In conclusion, NeMo-TMS is a unique tool that provides an easy-to-use platform for multi-scale TMS modeling and enables researchers to incorporate sophisticated modeling approaches into their research.

• We developed a new toolbox (NeMo-TMS) to simulate the cellular and subcellular activity of single neurons in response to (repetitive) TMS

• TMS-induced electric fields from the macroscopic models are coupled with a morphologically realistic neuron model to simulate the membrane potential and the spiking pattern

• Membrane potentials are used to model the voltage-gated calcium dynamics important for understating neuronal plasticity

• All necessary codes can be found in an open-source repository (https://github.com/OpitzLab/NeMo-TMS)

Appendix

The flux equations for the voltage-dependent calcium channels are given by

$$j_{vdcc}=G(V,t)F\left(V,\Delta \left[{Ca}^{2+}\right]\right)$$ (1)

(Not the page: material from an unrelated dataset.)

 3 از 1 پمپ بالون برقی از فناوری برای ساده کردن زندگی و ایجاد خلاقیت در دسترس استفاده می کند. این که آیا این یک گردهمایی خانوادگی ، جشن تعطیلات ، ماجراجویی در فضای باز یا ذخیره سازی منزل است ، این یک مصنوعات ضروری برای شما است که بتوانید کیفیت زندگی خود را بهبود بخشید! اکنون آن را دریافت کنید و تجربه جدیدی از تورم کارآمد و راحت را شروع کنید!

where G is the gating function and F is the flux function [63]. Both depend on the voltage at the channel at a particular time t. For F, Δ[Ca²⁺]is the difference in the internal and external ion concentration

$$\Delta \left[C{a}^{2+}\right]={\left[C{a}^{2+}\right]}_i-{\left[C{a}^{2+}\right]}_o$$ (2)

and

$$F\left(V,\Delta \left[C{a}^{2+}\right]\right)={\overline{p}}_{\left[C{a}^{2+}\right]}\frac{{V_z}^2{F}^2}{RT}\cdot \frac{{\left[C{a}^{2+}\right]}_i-{\left[C{a}^{2+}\right]}_{0}exp(-zFV/RT)}{1-exp(-zFV/RT)}$$ (3)

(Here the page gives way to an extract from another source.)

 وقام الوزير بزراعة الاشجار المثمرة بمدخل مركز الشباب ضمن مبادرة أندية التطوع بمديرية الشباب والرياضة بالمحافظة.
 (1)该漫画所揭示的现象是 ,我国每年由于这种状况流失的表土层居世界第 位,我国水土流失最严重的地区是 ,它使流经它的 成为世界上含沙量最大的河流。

where R is the gas constant, F is Faraday’s constant, T is in Kelvin, ${\overline{p}}_{\left[C{a}^{2+}\right]}$ is the permeability of the calcium channel, and z is the valence of the ion [63].

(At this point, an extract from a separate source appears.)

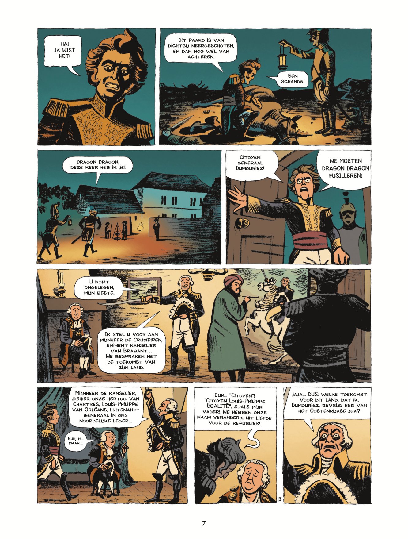 De ruiterlijke confessies van Dragon Dragon. Een bijzondere nieuwe reeks geschreven door Nicolas Juncker ( die ook Alleen in Berlijn tekende en schreef ) maar deze keer met Simon Spruyt ( De Tamboer van Borodino) als tekenaar. Het verhaal van een laffe soldaat, die alle fouten bezit, hij steelt is seksueel geobsedeerd, te laf om te vechten, zou zijn beste vrienden verraden, enz… geen taboes staan hem in de weg. Deze avonturen spelen zich af in een historische context, in dit eerste deel is de achtergrond de slag om Valmy in 1792. Dragon komt van een “ elite korps” die snel moesten kunnen optreden en de protestanten moest terroriseren in het zuiden van Frankrijk. Het is de start van een nieuwe serie waarvan deel 3 al geschreven is en waarvan deel 2 zich in België gaat afspelen. Deel 3 gaat dan terug naar Frankrijk met de komst van Napoleon. Voor het personage haalde Simon Spruyt zijn inspiratie bij een Homoseksuele Porno acteur uit de jaren 70 met de typische snor en kapsel. Simon Spruyt tekent nogal altijd met Chinese inkt alhoewel de inkleuringen digitaal gebeuren. Het wordt in ieder geval een bijzondere originele reeks. inhoud De Franse Republiek heeft net haar Belgische buren verlost van het Oostenrijkse juk. Danton en dragon Dragon zien hun kans schoon om de meest prestigieuze kunstwerken van de Lage Landen te stelen. Maar hoe maak je als eersteklas lafaard kans om fortuin te maken tussen de Belgen die in opstand komen en de Oostenrijkers die in de tegenaanval gaan? Hoe dan ook, hij mag zijn hoofd niet verliezen, in tegenstelling tot bepaalde Parijzenaars op datzelfde ogenblik. Pierre-Marie Dragon is snel van begrip, een bedreven zwaardvechter en een bekwaam ruiter: kortom, een echte ‘dragon’. Hij heeft alles om een held van de Franse Revolutie te worden. Zijn naam zul je echter niet in de schoolboeken aantreffen, want de enige avonturen die dragon Dragon actief opzoekt, zijn van zuiver seksuele aard. Hij is niet geïnteresseerd in de eerbewijzen van grote veldslagen en verkiest geld boven medailles. Helaas voor hem wordt Grote Geschiedenis vaak geschreven door kleine mensen...

The gating function g is described by a finite product

$$g(V,t)=\sum {x_i}^n(V,t)$$ (4)

where x_iis the open probability of the gating particle, in this case, it is only calcium, and n is the number of particles. The open probability is described by the ODE

$$\frac{dx}{dt}=\frac{x_{\infty }(V)-x}{{\tau }_x(V)}$$ (5)

where x_∞is the steady-state value of x, and τ_x is the time constant for the particular particle x, formulas are given in [63].